Mission:Messaging: Migration, failover, and scaling in a WebSphere MQ cluster

Certain aspects of service orientation are best served using an IBM® WebSphere® MQ cluster. The cluster provides the location independence, run time resolution of names, and concurrency required by SOA applications. For these reasons, adoption of SOA is driving migrations from point-to-point messaging networks to clustered environments. This article looks at how migration, failover, and the scaling of queue managers are affected in an SOA context. This content is part of the IBM WebSphere Developer Technical Journal.


T.Rob Wyatt, Senior Managing Consultant, EMC

T.Rob Wyatt is a Senior Managing Consultant with IBM Software Services for WebSphere who assists customers with the administration, architecture, and security of WebSphere MQ. Recently he has focused on WebSphere MQ security, publishing in the IBM WebSphere Developer Technical Journal and presenting at the IMPACT and European Transaction and Messaging conferences. T.Rob also hosts The Deep Queue, a monthly WebSphere MQ security podcast.

developerWorks Professional author

12 November 2008

Also available in Chinese

In each column, Mission: Messaging discusses topics designed to encourage you to re-examine your thinking about IBM® WebSphere® MQ, its role in your environment, and why you should pay attention to it on a regular basis.

Messaging impact on SOA

In the previous installment of Mission:Messaging, I wrote that evolving from point-to-point messaging architectures toward service orientation calls for updates to many of the long standing best practices in the messaging world. Here, we will look at a case study to examine migration, failover, and scaling of queue managers, and the impact to naming conventions, tooling, administrative processes, and operations when these activities are considered in an SOA context.

First, a few terms:

  • Migration in this discussion includes any case of rehosting a queue manager, perhaps to refresh the underlying hardware or to move to a different platform. Migration will always involve building a new queue manager, a logical move of the application and queues to the new queue manager, and the eventual decommission of the old queue manager.

  • Failover is the planned or unplanned shutdown of the primary system and includes the accompanying task of bringing a standby node online to take over the processing load. The complementary action is to failback when the primary node is recovered. The classic example is a disaster recovery test, which involves failing over to a warm standby system, testing the applications, and then failing back to the primary systems.

  • Horizontal scaling is defined as changing the number of concurrent instances of an input queue in the cluster in order to increase or reduce processing capacity. Horizontal scaling to accommodate growth is usually permanent. Scaling to accommodate peak processing seasons is a cyclical process of first increasing, then reducing, capacity. The process of scaling up may or may not involve the build of a new queue manager, and usually does not involve any changes to the existing instances.

Certain aspects of service orientation are best served using an IBM WebSphere MQ cluster. The cluster provides the location independence, run time resolution of names, and concurrency required by SOA applications. For these reasons, adoption of SOA is driving migrations from point-to-point messaging networks to clustered environments.

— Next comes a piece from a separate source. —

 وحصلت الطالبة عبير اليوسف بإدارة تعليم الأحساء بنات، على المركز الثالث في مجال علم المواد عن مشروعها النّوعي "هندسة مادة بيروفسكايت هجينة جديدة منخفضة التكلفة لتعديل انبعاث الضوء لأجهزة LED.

The point-to-point paradigm

Most well-established WebSphere MQ shops will have suffered through at least one hardware migration and experienced enough growth to have required scaling up at some point, so it is likely that there are established procedures for these activities. Hopefully, all shops have a disaster recovery failover plan, even those new to WebSphere MQ. What do these procedures look like? In the point-to-point world, migration, failover, and scaling are usually distinct and very different from one another:

  • Migration: It is common for migrations to be scheduled and worked as a single event where all the tasks occur in an uninterrupted sequence, including the bulk of the building and configuring activities on the new target queue manager. In this way, the current state of the retiring queue manager is captured at cutover time and moved intact to the new host. Because it is a one-time event, there are few, if any, accommodations for fall back.

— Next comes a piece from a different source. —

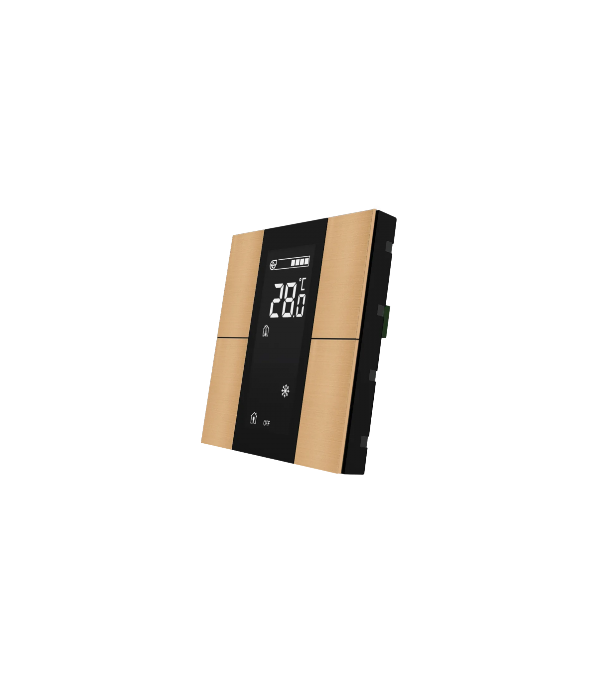 Fiecare buton este echipat cu LED-uri RGB cu intensitate luminoasa reglabila in combinatii de culori albastru/verde sau alb/rosu pentru feedback sau vizualizare, iar modelele LCD sunt echipate cu tehnologia VA-Display. Există 2 butoane ascunse cu apăsare scurtă și evenimente de apăsare lungă, situate în sus și în jos sub cadrul ecranului LCD, făcându-l un dispozitiv unic pentru a controla toate funcțiile termostatului prin butoanele LCD. Oferă o mare flexibilitate a proiectului, astfel încât alte butoane pot fi aranjate pentru alte comenzi.

  • Failover: The objective here is to switch between two functionally equivalent queue managers. Although they are (or at least should be) different queue managers with distinct names, to the rest of the network the only apparent difference between the two is the CONNAME. Because failover always anticipates failback, it is usually worth the time to create automation or processes that promote consistent, reliable, and repeatable execution of the activities. Typically failover involves a buildout phase independent of the actual cutover execution.

  • Scaling: Upgrading capacity is a more common case of scaling than is accommodation of cyclical loads. As a result, most instances of scaling are planned and executed as a one-time event, similar to a migration. The main difference is that after the event, procedures are created to ensure that all instances of the queue manager remain in sync, and changes applied to one are applied to all.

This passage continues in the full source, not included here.